§ What to work on
Please copy exactly the part of the records below that opens with the line containing "Right inside the" and closes with the line containing "Правила создания сайтаСодержание", leaving out any pictures.

§ Records for this task
# # # # #
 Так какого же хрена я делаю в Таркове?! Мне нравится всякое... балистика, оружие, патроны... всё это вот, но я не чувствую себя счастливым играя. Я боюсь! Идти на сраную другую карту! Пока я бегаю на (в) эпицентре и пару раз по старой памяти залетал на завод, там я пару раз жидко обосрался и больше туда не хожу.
# # # # #
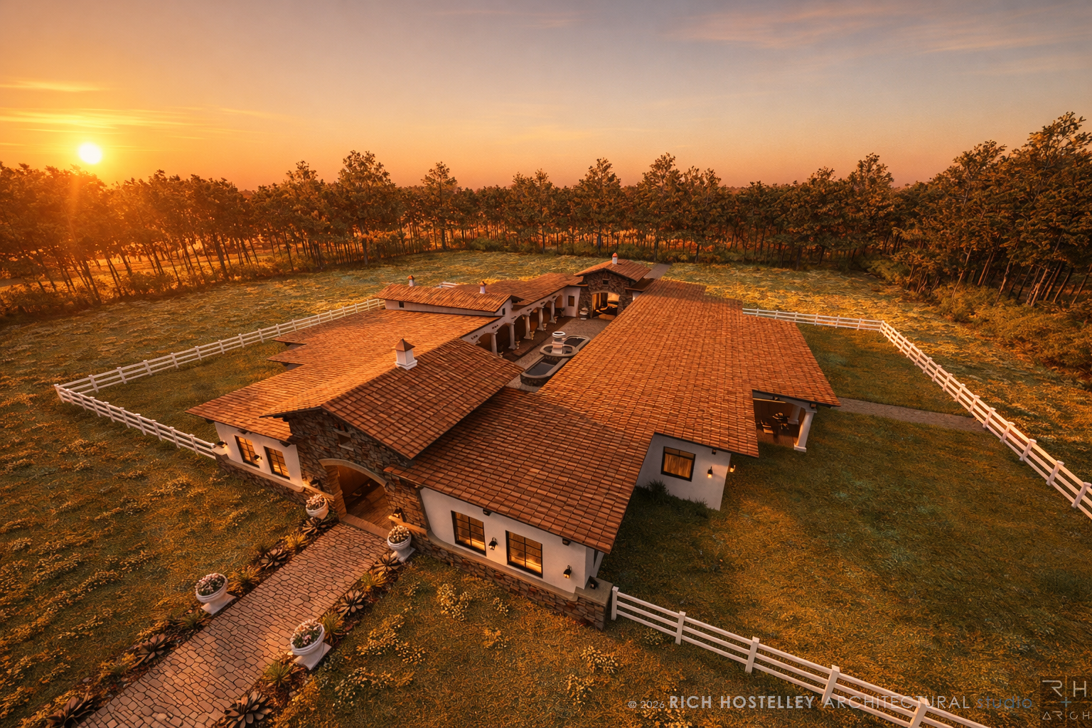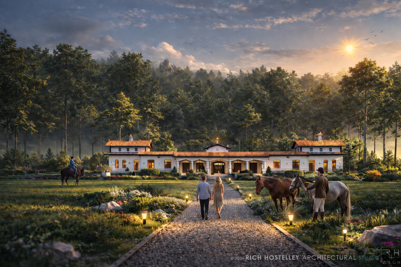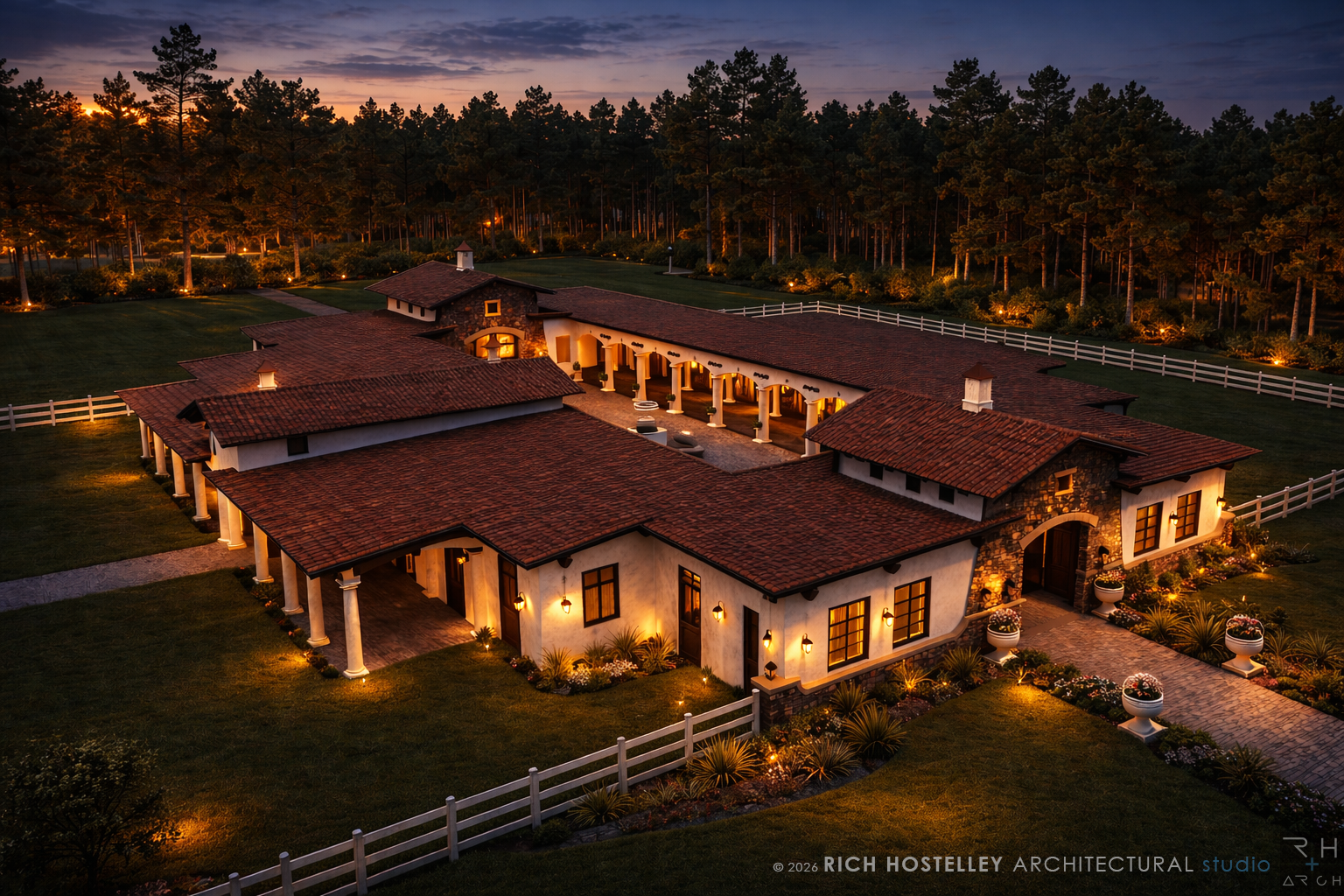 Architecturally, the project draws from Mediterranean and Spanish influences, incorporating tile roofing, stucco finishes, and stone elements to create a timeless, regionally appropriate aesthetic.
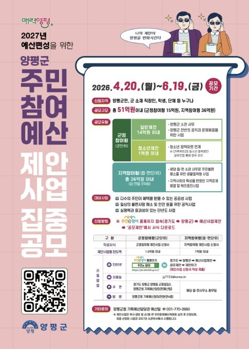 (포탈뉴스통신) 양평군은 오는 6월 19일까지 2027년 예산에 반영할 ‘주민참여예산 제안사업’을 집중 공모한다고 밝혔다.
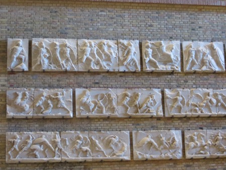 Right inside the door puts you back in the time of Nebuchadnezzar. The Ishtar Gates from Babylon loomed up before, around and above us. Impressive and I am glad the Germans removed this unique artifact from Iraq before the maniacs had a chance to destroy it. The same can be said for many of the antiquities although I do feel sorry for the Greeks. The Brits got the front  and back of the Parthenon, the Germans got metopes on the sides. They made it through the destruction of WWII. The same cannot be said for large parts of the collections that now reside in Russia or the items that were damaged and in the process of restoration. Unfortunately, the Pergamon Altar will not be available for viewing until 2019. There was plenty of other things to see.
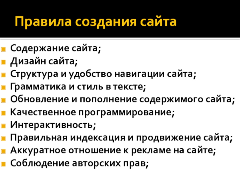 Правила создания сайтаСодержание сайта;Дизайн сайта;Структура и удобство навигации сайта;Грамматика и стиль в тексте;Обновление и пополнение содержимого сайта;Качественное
# # # # #
§ Output below
 Right inside the door puts you back in the time of Nebuchadnezzar. The Ishtar Gates from Babylon loomed up before, around and above us. Impressive and I am glad the Germans removed this unique artifact from Iraq before the maniacs had a chance to destroy it. The same can be said for many of the antiquities although I do feel sorry for the Greeks. The Brits got the front  and back of the Parthenon, the Germans got metopes on the sides. They made it through the destruction of WWII. The same cannot be said for large parts of the collections that now reside in Russia or the items that were damaged and in the process of restoration. Unfortunately, the Pergamon Altar will not be available for viewing until 2019. There was plenty of other things to see.
 Правила создания сайтаСодержание сайта;Дизайн сайта;Структура и удобство навигации сайта;Грамматика и стиль в тексте;Обновление и пополнение содержимого сайта;Качественное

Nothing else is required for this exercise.